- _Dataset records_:
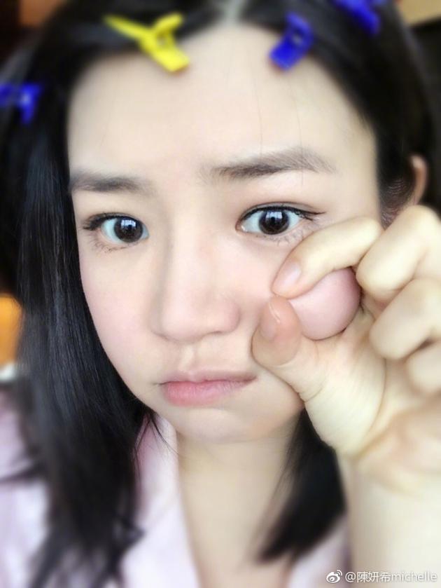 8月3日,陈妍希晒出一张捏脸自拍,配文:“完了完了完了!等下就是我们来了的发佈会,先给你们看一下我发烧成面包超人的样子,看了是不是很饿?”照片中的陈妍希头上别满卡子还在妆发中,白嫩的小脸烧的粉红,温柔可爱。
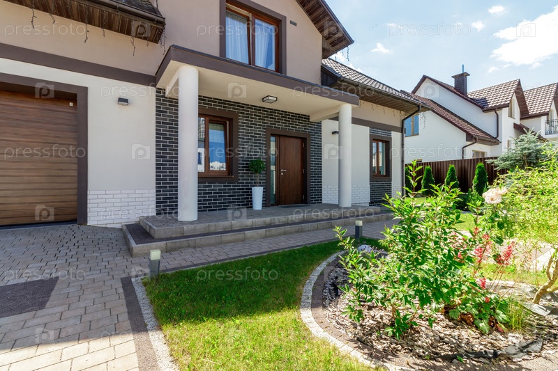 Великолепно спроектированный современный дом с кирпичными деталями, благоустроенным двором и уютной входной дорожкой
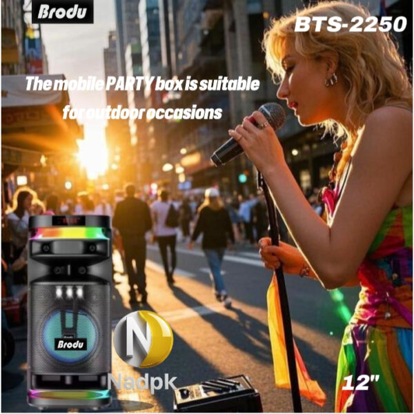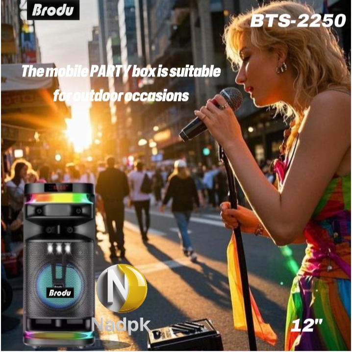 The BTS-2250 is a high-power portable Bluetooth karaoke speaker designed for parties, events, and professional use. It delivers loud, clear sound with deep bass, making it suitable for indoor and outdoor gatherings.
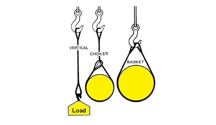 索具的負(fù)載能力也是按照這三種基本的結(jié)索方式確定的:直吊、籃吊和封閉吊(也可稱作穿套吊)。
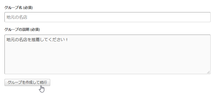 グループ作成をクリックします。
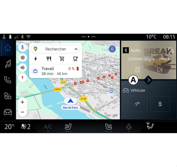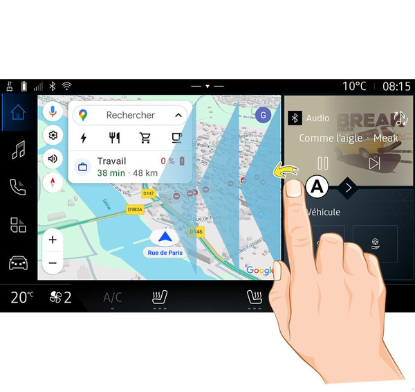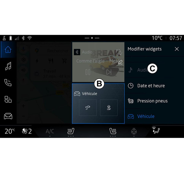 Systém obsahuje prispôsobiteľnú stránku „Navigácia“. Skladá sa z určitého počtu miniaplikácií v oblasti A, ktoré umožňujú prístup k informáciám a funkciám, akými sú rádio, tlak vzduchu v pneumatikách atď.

- _What is expected_:
Extract, word for word, each line from the top of the data down to and including the line with "グループ作成をクリックします。"; skip the pictures.

- _Your solution_:
 8月3日,陈妍希晒出一张捏脸自拍,配文:“完了完了完了!等下就是我们来了的发佈会,先给你们看一下我发烧成面包超人的样子,看了是不是很饿?”照片中的陈妍希头上别满卡子还在妆发中,白嫩的小脸烧的粉红,温柔可爱。
 Великолепно спроектированный современный дом с кирпичными деталями, благоустроенным двором и уютной входной дорожкой
 The BTS-2250 is a high-power portable Bluetooth karaoke speaker designed for parties, events, and professional use. It delivers loud, clear sound with deep bass, making it suitable for indoor and outdoor gatherings.
 索具的負(fù)載能力也是按照這三種基本的結(jié)索方式確定的:直吊、籃吊和封閉吊(也可稱作穿套吊)。
 グループ作成をクリックします。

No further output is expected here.